§ To do:
Your task is to transcribe all of the records exactly and leave out the pictures.

§ Working data:
━━━━━━━━━━

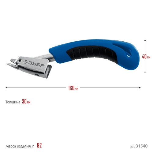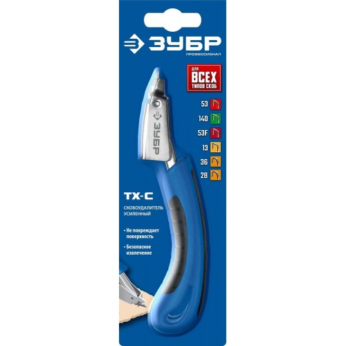Универсальный скобоудалитель ЗУБР 31540_z02, предназначен для удаления скоб различного типа и размера. Корпус изготовлен из закалённой стали. Фиксация извлекаемой скобы обеспечивает безопасность работ. Эргономичная конструкция обеспечивает удобство работы.
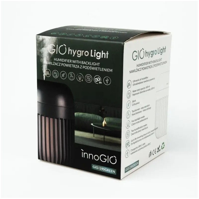 ULTRADŹWIĘKOWY NAWILŻACZ POWIETRZA Z LAMPKĄ GIOhygro LIGHT GREEN
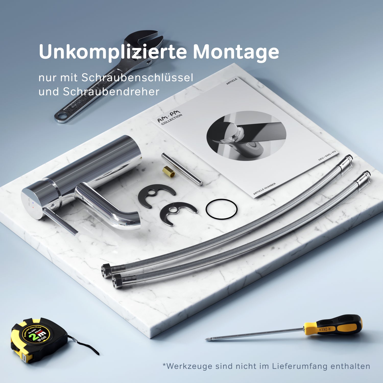 Die AM.PM Spike Waschtischarmatur ist nicht nur visuell ansprechend, sondern auch funktional und zuverlässig. Ideal für jene, die Wert auf Qualität und modernes Design legen. Verleihen Sie Ihrem Badezimmer mit dieser Armatur einen Hauch von Eleganz und Funktionalität, während Sie Ihren Waschbereich stilvoll gestalten und die Nutzung Ihrer Waschgelegenheit verbessern.
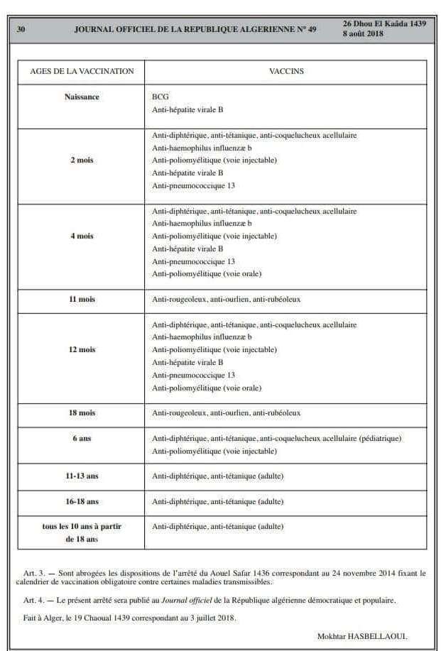 Voici la mise à jour du NOUVEAU CALENDRIER VACCINAL ALGÉRIEN apparue dans le dernier journal officiel du 08 Août 2018
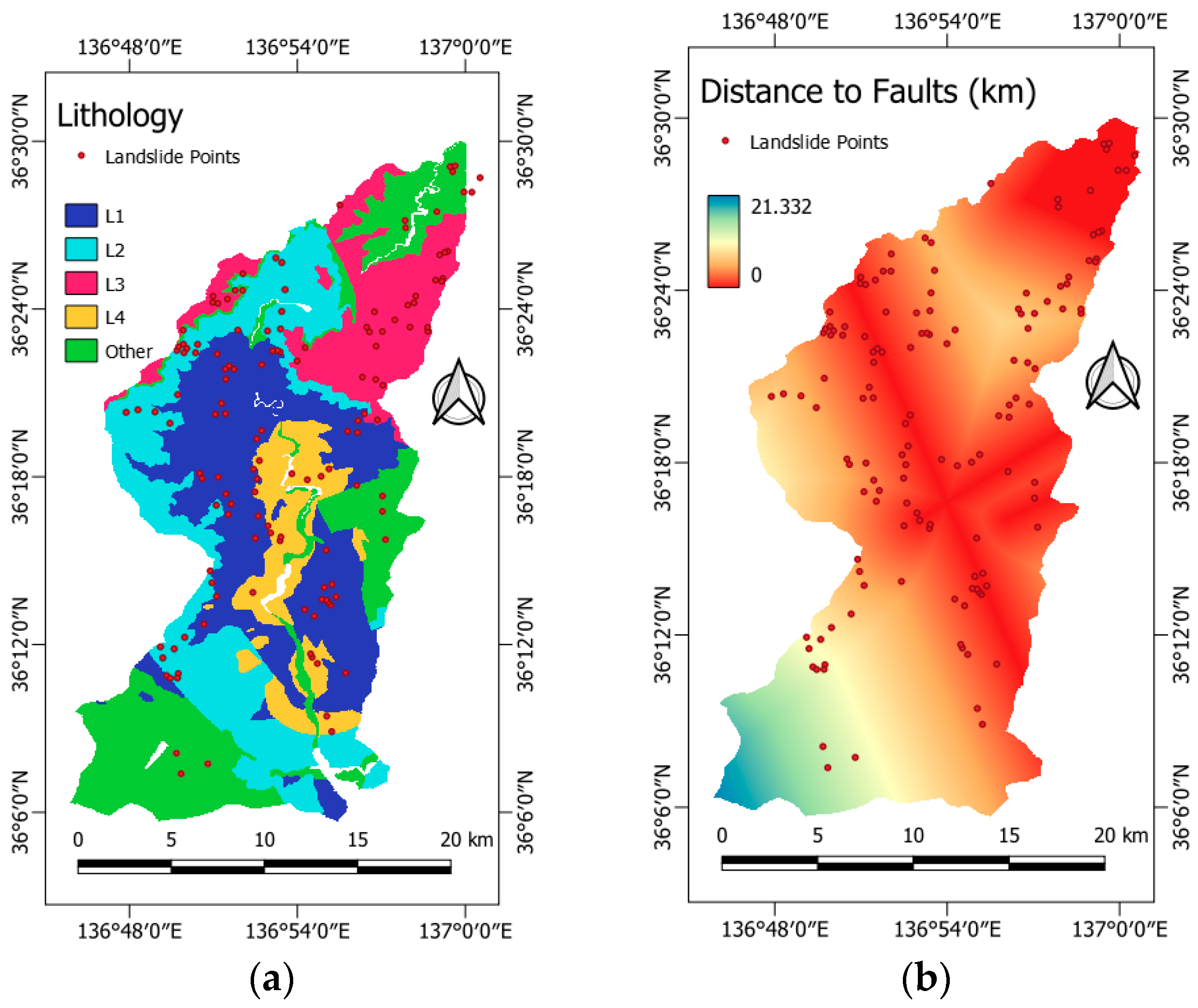 - Distance to Faults is another important geological factor that controls landslide susceptibility. Areas close to active faults generally have rock strength considerably weakened, which increases the possibility of landslide events. Therefore, distance to lines of fault become a very significant factor in LSM [54]. Fault data were obtained from the Geological Survey of Japan. Line faults in the area include the Atotsugawa, Kokufu, Ushikubi, and Shokawa fault zones, and area faults include the eastern part of the Tonami-heiya/Kurehayama fault zone and the Morimoto-Togashi fault zone [28]. A distance raster with a resolution of 12.5 m was generated to quantify proximity to these faults (Figure 8b).

━━━━━━━━━━

§ Expected output:
Универсальный скобоудалитель ЗУБР 31540_z02, предназначен для удаления скоб различного типа и размера. Корпус изготовлен из закалённой стали. Фиксация извлекаемой скобы обеспечивает безопасность работ. Эргономичная конструкция обеспечивает удобство работы.
 ULTRADŹWIĘKOWY NAWILŻACZ POWIETRZA Z LAMPKĄ GIOhygro LIGHT GREEN
 Die AM.PM Spike Waschtischarmatur ist nicht nur visuell ansprechend, sondern auch funktional und zuverlässig. Ideal für jene, die Wert auf Qualität und modernes Design legen. Verleihen Sie Ihrem Badezimmer mit dieser Armatur einen Hauch von Eleganz und Funktionalität, während Sie Ihren Waschbereich stilvoll gestalten und die Nutzung Ihrer Waschgelegenheit verbessern.
 Voici la mise à jour du NOUVEAU CALENDRIER VACCINAL ALGÉRIEN apparue dans le dernier journal officiel du 08 Août 2018
 - Distance to Faults is another important geological factor that controls landslide susceptibility. Areas close to active faults generally have rock strength considerably weakened, which increases the possibility of landslide events. Therefore, distance to lines of fault become a very significant factor in LSM [54]. Fault data were obtained from the Geological Survey of Japan. Line faults in the area include the Atotsugawa, Kokufu, Ushikubi, and Shokawa fault zones, and area faults include the eastern part of the Tonami-heiya/Kurehayama fault zone and the Morimoto-Togashi fault zone [28]. A distance raster with a resolution of 12.5 m was generated to quantify proximity to these faults (Figure 8b).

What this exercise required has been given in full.